The second conflict pits the states themselves against the federal government. This doesn't concern federal recognition of a state-granted marriage license, but about state marriage laws themselves. The right of sovereign states to pass laws or amend their constitutions in support of marriage as a union of one man and one woman is needlessly at risk.

But what's happening now is that the federal government is using Windsor v. U.S. as an excuse to create a new form of federal marriage relationship encompassing a man and a man, or a woman and a woman. As a result, states affirming their long-established role in recognizing husband-and-wife marriage are being placed on the defensive.

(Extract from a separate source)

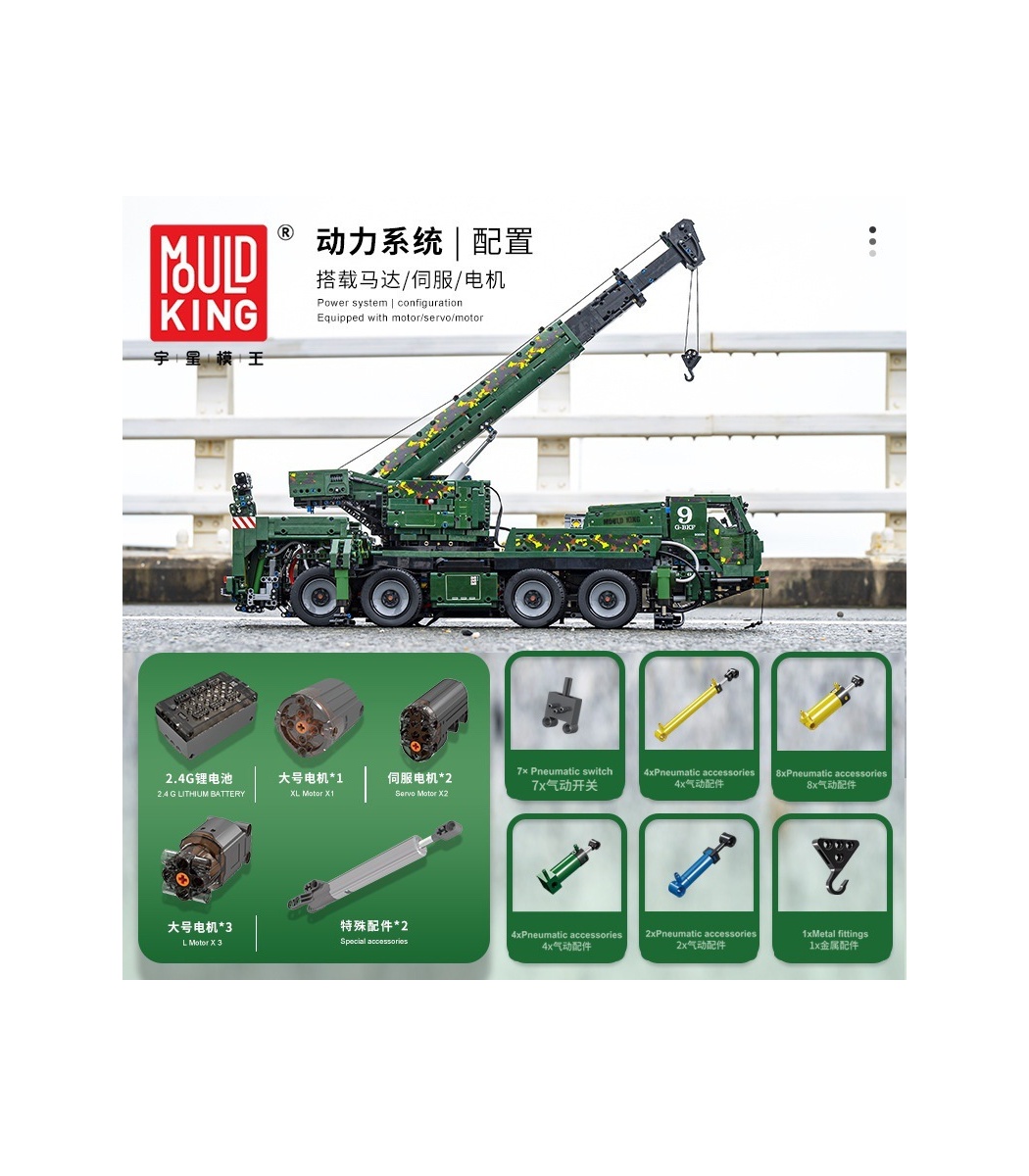 • Este kit de construcción de grúas sobre orugas viene con accesorios de alimentación asociados que incluyen: motor grande, motor extra grande, servomotor, batería de litio y accesorios relacionados.

This does not need to happen. On tax policy, for example, the Treasury Department could have put forward a "state of residence" standard. The Tax Foundation states, "The concept of physical presence is tightly connected to tax and spending policy. Taxpayers pay income taxes, sales taxes, property taxes, and other taxes based on where they are when assessed, and taxpayers receive benefits based on which state they live in." But the administration chose to impose its view of marriage across the nation.

"The federal government should look to each state's definition of marriage as governing for federal law," concludes the Heritage Foundation. "A bad Supreme Court ruling should not allow federal bureaucrats to redefine marriage across America."

The Constitution preserves a system of government that reserves power to the states and to the people. As the nation navigates conflicting feelings and emotional views about the proper role of marriage under state law, its leaders must be wise and allow federalism to work. The federal government must not undermine what is best for children and the future of the nation.